- Born: Tajimi, Gifu Prefecture, Japan
- Education: Osaka City University (BA) Northwestern University (MBA)
- Occupation: Financial executive

= Hiromichi Mizuno =

Japanese financial executive (born 1965)

Hiromichi Mizuno (水野 弘道) is a financial executive who served as chief investment officer of the Japan Government Pension Investment Fund (GPIF), the largest asset owner in the world, from January 2015 until March 2020. He is currently United Nations special envoy on innovative finance and sustainable investments.

== Early life and education ==
Mizuno was born in Tajimi in Gifu Prefecture, Japan. He received his BA of law at the Osaka City University, before gaining a Master of Business Administration at the Kellogg School of Management of Northwestern University.

== Career ==
Earlier in his career, Mizuno worked for Sumitomo Mitsui Trust Holdings from April 1988 to January 2003. He then became a partner of Coller Capital from 2003 until January 2015.
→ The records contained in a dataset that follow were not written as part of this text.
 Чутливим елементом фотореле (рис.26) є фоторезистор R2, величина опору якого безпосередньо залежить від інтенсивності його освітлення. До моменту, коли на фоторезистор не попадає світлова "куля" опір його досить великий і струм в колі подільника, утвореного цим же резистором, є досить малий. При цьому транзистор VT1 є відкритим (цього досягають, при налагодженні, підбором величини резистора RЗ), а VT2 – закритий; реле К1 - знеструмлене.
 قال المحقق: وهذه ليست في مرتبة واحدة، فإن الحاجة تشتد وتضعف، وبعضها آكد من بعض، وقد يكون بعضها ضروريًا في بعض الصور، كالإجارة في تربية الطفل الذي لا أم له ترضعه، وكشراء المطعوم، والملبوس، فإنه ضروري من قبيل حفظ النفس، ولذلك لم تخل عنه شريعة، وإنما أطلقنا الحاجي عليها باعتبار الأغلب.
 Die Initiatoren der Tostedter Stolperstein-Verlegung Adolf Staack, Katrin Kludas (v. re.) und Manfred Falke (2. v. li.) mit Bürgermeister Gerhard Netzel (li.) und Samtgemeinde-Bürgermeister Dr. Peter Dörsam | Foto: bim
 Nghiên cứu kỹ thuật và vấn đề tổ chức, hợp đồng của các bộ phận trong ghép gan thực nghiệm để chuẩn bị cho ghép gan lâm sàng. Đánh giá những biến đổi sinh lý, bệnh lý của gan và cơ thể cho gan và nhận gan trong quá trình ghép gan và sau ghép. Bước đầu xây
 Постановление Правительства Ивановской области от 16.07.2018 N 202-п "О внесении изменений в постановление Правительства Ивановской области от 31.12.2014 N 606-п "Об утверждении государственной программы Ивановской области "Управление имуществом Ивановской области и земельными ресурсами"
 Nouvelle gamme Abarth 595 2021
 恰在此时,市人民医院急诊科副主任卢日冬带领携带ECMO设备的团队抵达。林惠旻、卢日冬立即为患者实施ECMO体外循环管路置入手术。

Mizuno then became executive managing director and CIO of the Government Pension Investment Fund of Japan (GPIF), the largest pension fund globally with AUM of $1.5 trillion.

Mizuno is currently a director of the United Nations Principles for Responsible Investment Association. On 30 December 2020, he was appointed by United Nations Secretary-General António Guterres as United Nations special envoy on innovative finance and sustainable investments.

In 2019, the Financial Times reported that through his role with the GPIF as chief investment officer, "here are not many people who have caused as many waves in the global environmental, social and governance landscape in 2019 [as Mizuno]." It reported that under Mizuno, the GPIF had "embraced" ESG principles.

After joining the board of Tesla in 2020, he was no longer on the board as of 2025.

He was named a special advisor to the CEO of MSCI on August 1, 2023.

In February 2025, the Financial Times reported that he was leading a "high level Japanese group" including ex-prime minister Yoshihide Suga and Hiroto Izumi, which proposed bringing in a consortium of investors to invest in Nissan. In February 2025, he denied the report's assertion that he was aiming for the group persuade Tesla to invest in Nissan Motor co, and also denied having any membership in the group.

== Other activities ==
=== Corporate boards ===
- Tesla, Inc., Independent Member of the Board of Directors (since 2020) - former
- Danone, Member of the Mission Committee (since 2020)

=== Non-profit organizations ===
- The B Team, Member
- CFA Institute, Member of the Future of Finance Advisory Council
- Global Business Coalition for Education, Member of the Advisory Board

== Controversy ==
In September 2020, the Financial Times reported that Mizuno had intervened personally to influence the Harvard University endowment fund – one of Toshiba's largest investors – in what it described as "campaign" to ensure the reappointment of Nobuaki Kurumatani as Toshiba chief executive against the opposition of activist shareholders.